Rey blanco (Antonia Scott #3) – Juan Gómez-Jurado

Jon se quedó allí, en una esquina, sin hablar, mientras a su alrededor la noche deliraba como un pájaro en llamas.

Al guardia de seguridad de la entrada lo atendían los sanitarios por el golpe en la cabeza que le había dado el intruso, dejándolo fuera de juego. Una docena de técnicos corrían como pollos sin cabeza, varios inspectores cabreados revoloteaban. Y Jon, mientras, dejando que Antonia se ocupase de las relaciones públicas. Nunca una buena idea, en circunstancias normales.

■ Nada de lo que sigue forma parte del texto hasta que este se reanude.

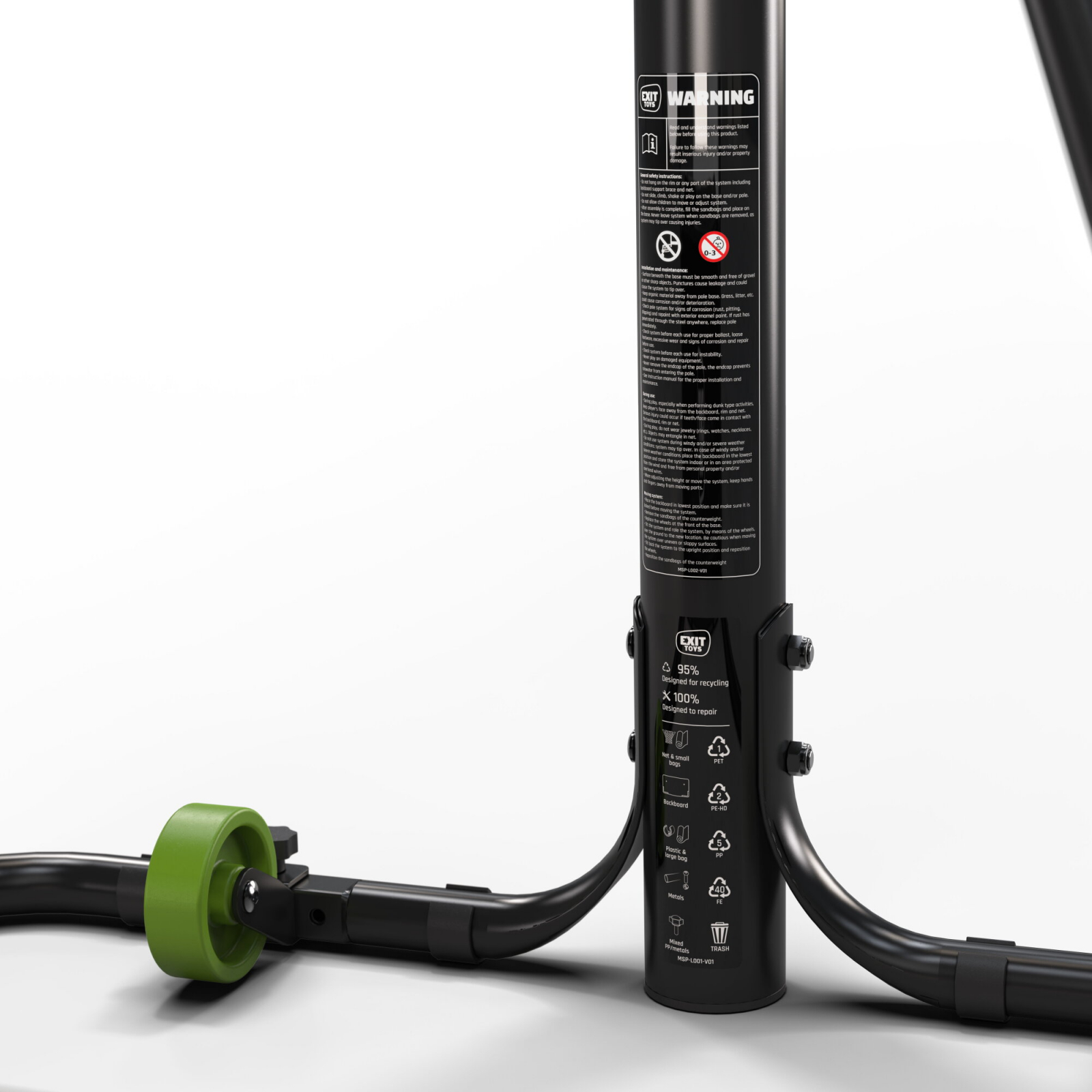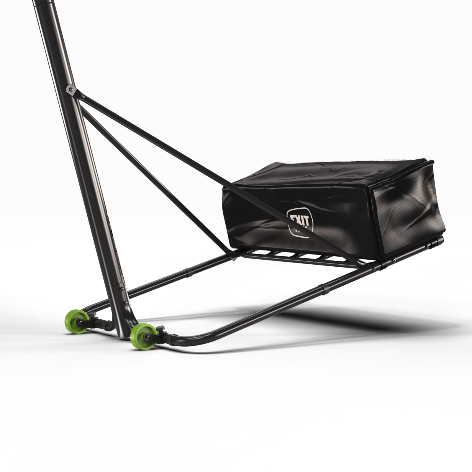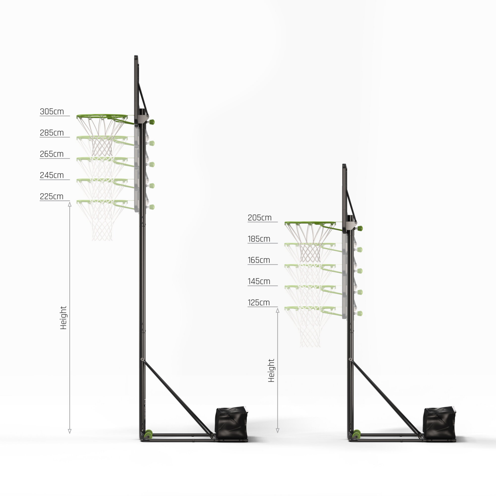 Placa de baschet EXIT NovaStar reglabilă pe înălțime este un sistem inovator de baschet pe roți, conceput pentru a crește odată cu tine sau cu copilul tău. Placa de baschet mobilă, care include o placă de baschet fermă și un coș de baschet, are o înălțime reglabilă. Cu nu mai puțin de 10 poziții diferite, sistemul este potrivit pentru orice vârstă și orice nivel. În plus, NovaStar oferă opțiunea de a începe ca jucător de baschet începător și de a avansa la un nivel senior folosind același sistem de baschet. Designul unic facilitează trecerea de la poziția junior la cea senior. Cadrul reglabil pe înălțime este format din două tuburi de cadru în versiunea junior și trei tuburi de cadru în poziția senior. Pentru poziția senior, pur și simplu montați o piesă suplimentară, făcând placa de baschet mai înaltă. Placa de baschet portabilă EXIT NovaStar are 10 înălțimi opționale. Poziția junior are cinci poziții diferite (125 – 145 – 165 – 185 – 205 cm). Poziția pentru seniori include, de asemenea, cinci poziții (225 – 245 – 265 – 285 – 305 cm), dintre care cea mai înaltă poziție este înălțimea oficială a meciului. Înălțimea coșului poate fi ușor ajustată cu butonul de reglare. Indiferent dacă doriți să jucați baschet în grădină, pe alee sau într-o altă locație, cu ajutorul roților convenabile, puteți muta cu ușurință placa de baschet. În spate, există o contragreutate cu trei saci de nisip pe care îi puteți umple singuri. Această contragreutate asigură că placa de baschet NovaStar rămâne în siguranță la locul ei. Placa de baschet NovaStar reglabilă pe înălțime, care crește odată cu dvs., a fost dezvoltată în conformitate cu filosofia noastră sustenabilă EXIT. Placa de baschet este, de exemplu, 100% reparabilă. Aceasta înseamnă că fiecare piesă poate fi înlocuită. În plus, placa de baschet este 100% reciclabilă, deoarece au fost folosite doar materiale mono. Acestea sunt materiale care constau dintr-un singur tip de materie primă, ceea ce le face mai ușor de reciclat, deoarece nu este necesară o împărțire a materiilor prime. Rama metalică neagră a fost galvanizată și vopsită în câmp electrostatic. Din această cauză, rugina nu are nicio șansă, iar NovaStar poate rezista la toate condițiile meteorologice.

O en ninguna circunstancia.

Jon prestó poca atención a la conversación. O más bien es que le llegaba a través de un velo, como cuando estás sumergido en la bañera y alguien grita desde la habitación contigua. Asistió a los retazos que le llegaban con desapego, con esa indiferencia que te regala el universo cuando has sentido la muerte. No llamando a la puerta de tu casa, sino okupándola, empadronándose, cambiando las cerraduras y tirándote besos desde la ventana.

Hubo alguna palabra más alta que otra, miradas de extrañeza, y también algún comentario en voz baja —pero no lo suficiente— de «quién es esta gilipollas».

Luego llegó Mentor —y con él las llamadas de teléfono de gente importante—, y las preguntas desaparecieron. Con más reticencia que de costumbre, dado el lugar, la situación, y la cantidad de jubilados acostumbrados a mandar regimientos que daban instrucciones contradictorias asomados en pijama a las terrazas.

Finalmente, Mentor se acercó a él. Torció un poco el gesto al ver el estado en el que Jon se hallaba, y probablemente también al encontrarse lo bastante cerca como para olerle. Al inspector Gutiérrez le rodeaba una nube de sudor y adrenalina quemada. Dos olores nada agradables.

Al menos, Antonia nunca se quejaría de eso, pensó Jon, dándose cuenta de que su trabajo no estaba exento de ventajas.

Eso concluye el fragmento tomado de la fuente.